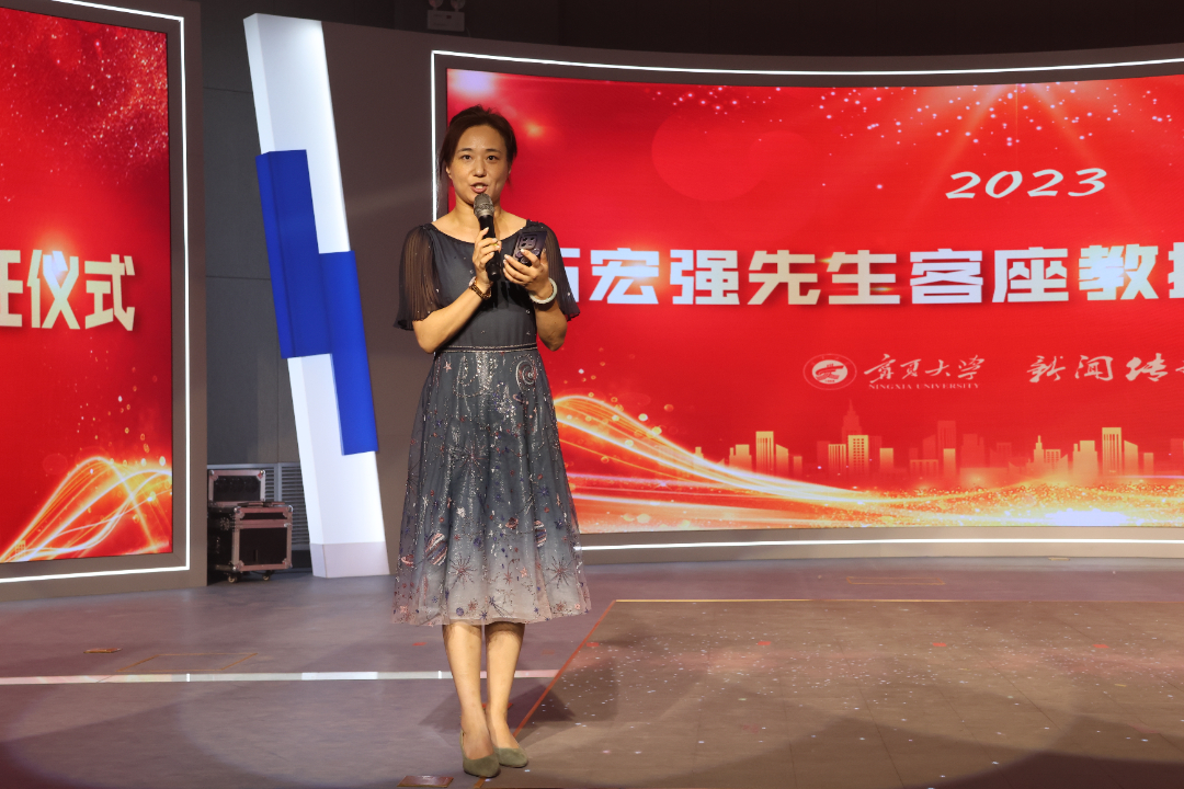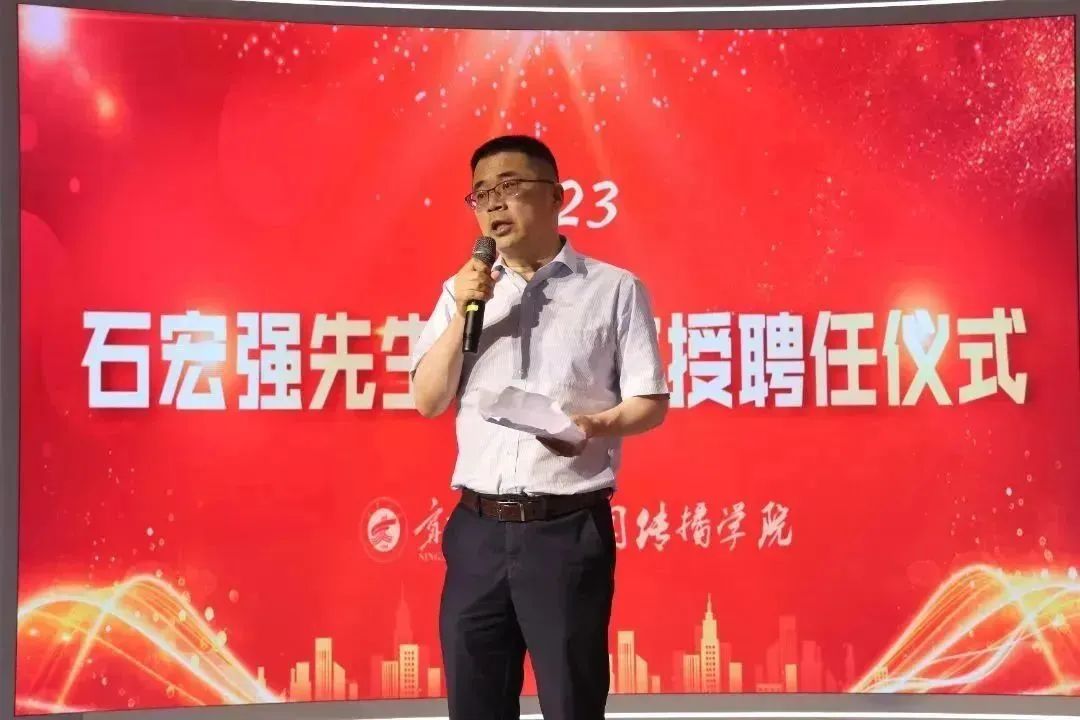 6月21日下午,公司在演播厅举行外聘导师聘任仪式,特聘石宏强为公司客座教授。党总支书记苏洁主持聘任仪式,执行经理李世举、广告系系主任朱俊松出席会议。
---
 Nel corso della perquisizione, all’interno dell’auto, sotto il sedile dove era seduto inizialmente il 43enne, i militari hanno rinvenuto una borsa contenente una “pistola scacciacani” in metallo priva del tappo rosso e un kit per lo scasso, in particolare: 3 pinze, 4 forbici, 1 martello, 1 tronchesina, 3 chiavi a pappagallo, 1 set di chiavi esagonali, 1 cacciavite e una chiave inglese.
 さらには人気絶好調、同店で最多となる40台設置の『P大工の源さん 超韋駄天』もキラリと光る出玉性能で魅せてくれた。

#### [REQUIREMENT]
Give back exactly the lines of the listing above that run from the line with "Nel corso della" to the line with "さらには人気絶好調、同店で最", inclusive.

#### [EXERCISE ANSWER]
 Nel corso della perquisizione, all’interno dell’auto, sotto il sedile dove era seduto inizialmente il 43enne, i militari hanno rinvenuto una borsa contenente una “pistola scacciacani” in metallo priva del tappo rosso e un kit per lo scasso, in particolare: 3 pinze, 4 forbici, 1 martello, 1 tronchesina, 3 chiavi a pappagallo, 1 set di chiavi esagonali, 1 cacciavite e una chiave inglese.
 さらには人気絶好調、同店で最多となる40台設置の『P大工の源さん 超韋駄天』もキラリと光る出玉性能で魅せてくれた。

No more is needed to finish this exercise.